MATERIAL PROVIDED »

=== Section Start ===

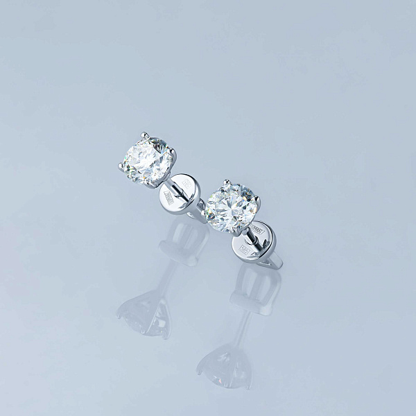 Пусеты из белого золота — великолепное пополнение вашей коллекции украшений. Белое золото подчеркивает игру света на алмазных гранях, не боится влаги, подходит для повседневного ношения. Наши товары реализуются только в фирменных салонах.
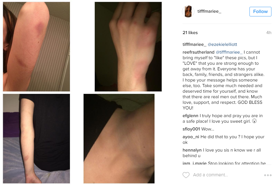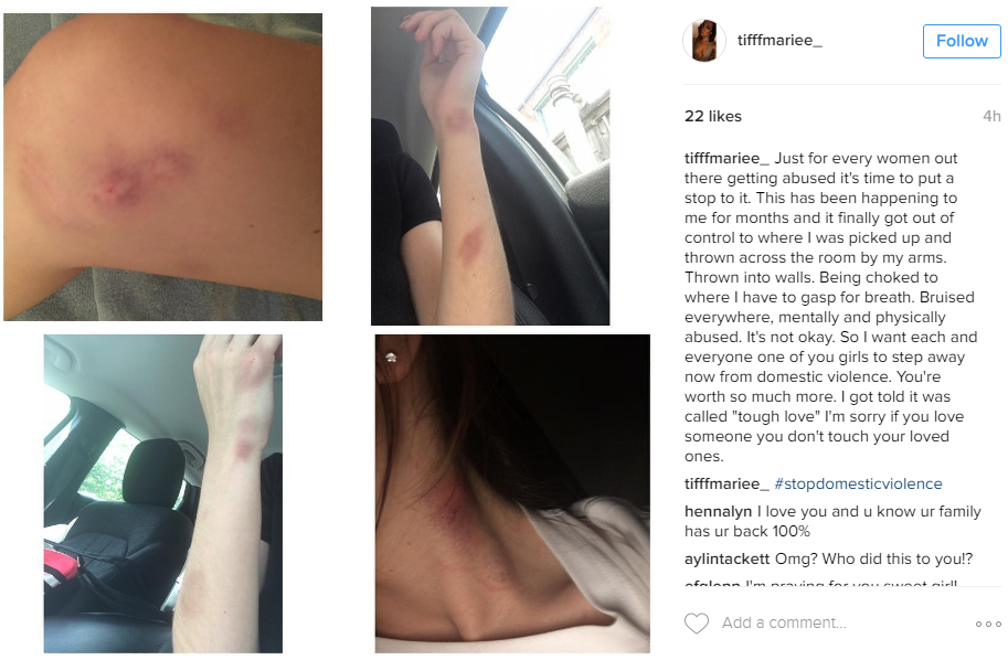 The first depicts several photos of bruises and includes a caption that references being choked and thrown into walls over a series of months. Thompson says she was told, ostensibly by her abuser, that it was "tough love."
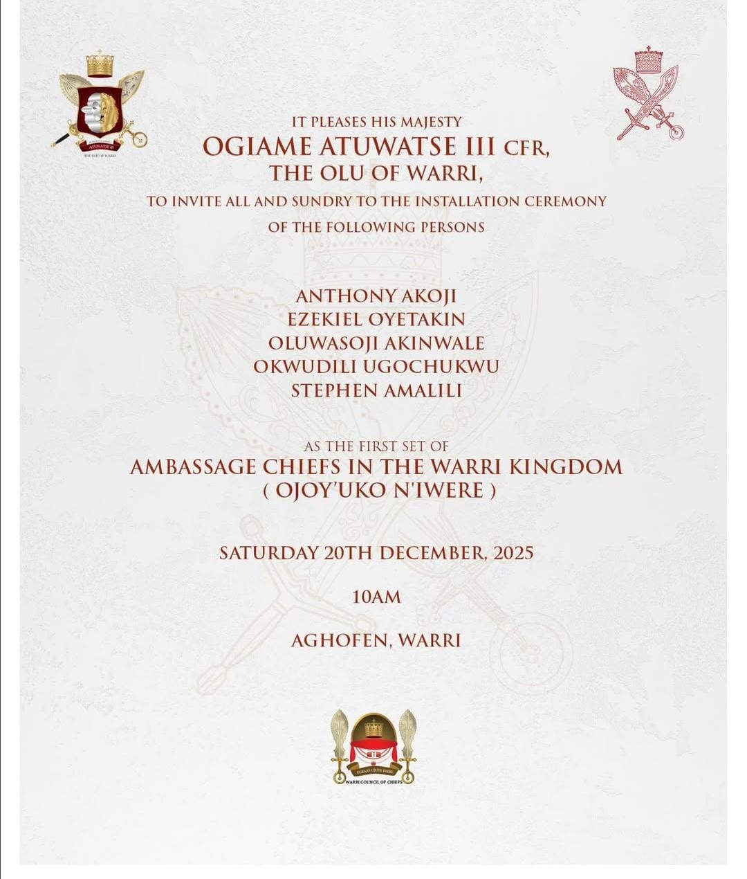 The Warri Kingdom has announced plans to confer Ambassage Chieftaincy titles on five notable non-Itsekiri indigenes as part of efforts to deepen inter-ethnic harmony, peaceful coexistence and cooperation among the diverse communities within the kingdom.

=== Section End ===

TASK »
Return each line from the material above exactly, but not the pictures.

EXPECTED ANSWER »
 Пусеты из белого золота — великолепное пополнение вашей коллекции украшений. Белое золото подчеркивает игру света на алмазных гранях, не боится влаги, подходит для повседневного ношения. Наши товары реализуются только в фирменных салонах.
 The first depicts several photos of bruises and includes a caption that references being choked and thrown into walls over a series of months. Thompson says she was told, ostensibly by her abuser, that it was "tough love."
 The Warri Kingdom has announced plans to confer Ambassage Chieftaincy titles on five notable non-Itsekiri indigenes as part of efforts to deepen inter-ethnic harmony, peaceful coexistence and cooperation among the diverse communities within the kingdom.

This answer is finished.